The opening had been delayed by 24 hours because the threat posed by Hurricane Irene had forced his installation team to remove an accompanying plaque and solar panels days before it was due to open. “They can get rained on, but they can’t be submerged,” Mr. Morris told The Observer.

“We left the stars in the water,” Mr. Morris said, “and some of them got skewed out of place, but we didn’t lose any.” He sounded elated. “Then we had to reprogram everything and there just wasn’t enough time.”

The project had cost $25,000 to install and was paid for by a variety of companies and foundations. It will be in place until there is no longer enough power from the sun to light them up at night—“probably the end of October or the beginning of November,” Mr. Morris said.

New York assemblyman Linda Rosenthal and Charles Renfro of Diller Scofidio + Renfro, the architecture firm behind the nearby High Line, were on hand to discuss their support for the project.

For Ms.
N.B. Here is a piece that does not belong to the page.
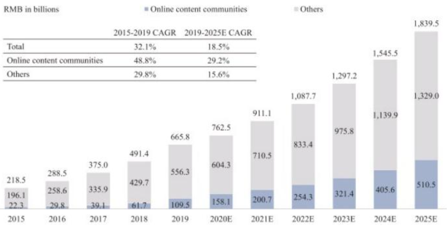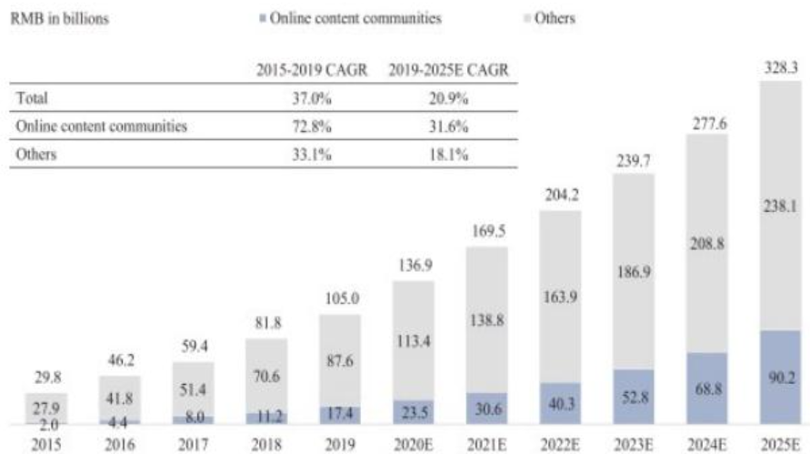 据灼识咨询(China Insights Consultancy,简称“CIC”)报告显示,按收入计,中国在线内容社区的市场规模从2015年的386亿元增至2019年的2758亿元,并预计将以复合年增长率30.3%的增速增至2025年的1.3万亿元,但仅占美国市场(约10亿元)的三分之一。此外,中国在线内容的社区用户基础也从2015年的5.162亿大幅增至2019年的7.73亿,并有望于2025年进一步增至10亿。

Rosenthal, the work also has political significance. She is currently working to pass a bill that would create dark-sky reserves, light-free areas set aside to allow people to see the night sky, and promote new shades for streetlamps that would lessen their blinding glare. “At the moment I have a lot of opposition,” she said, “but something like this could really turn things around.”

Mr. Renfro took a more philosophical approach to the work. “Reflecting the Stars links itself to realms near and distant,” he said. “It is a new way of observing our surroundings, helping us imagine the invisible if mankind were not so visible.”

New York has become a bastion for public art lovers of late. We asked Renfro how this was different from public art elsewhere in the city.

“I like the city’s public art,” he said. “But this has the whimsy of The High Line; it connects with something else.”

Later, Mr. Morris told the crowd that Buddhism advises its devotees to go out and look up at the night sky in order to relieve stress. We tried to imagine looking up at his LED stars from the bottom of the Hudson, but we couldn’t quite manage it.

“We look down at the stars today,” we thought, as the blue-white lights flickered on and off in their constellations in the now dark, starless sky.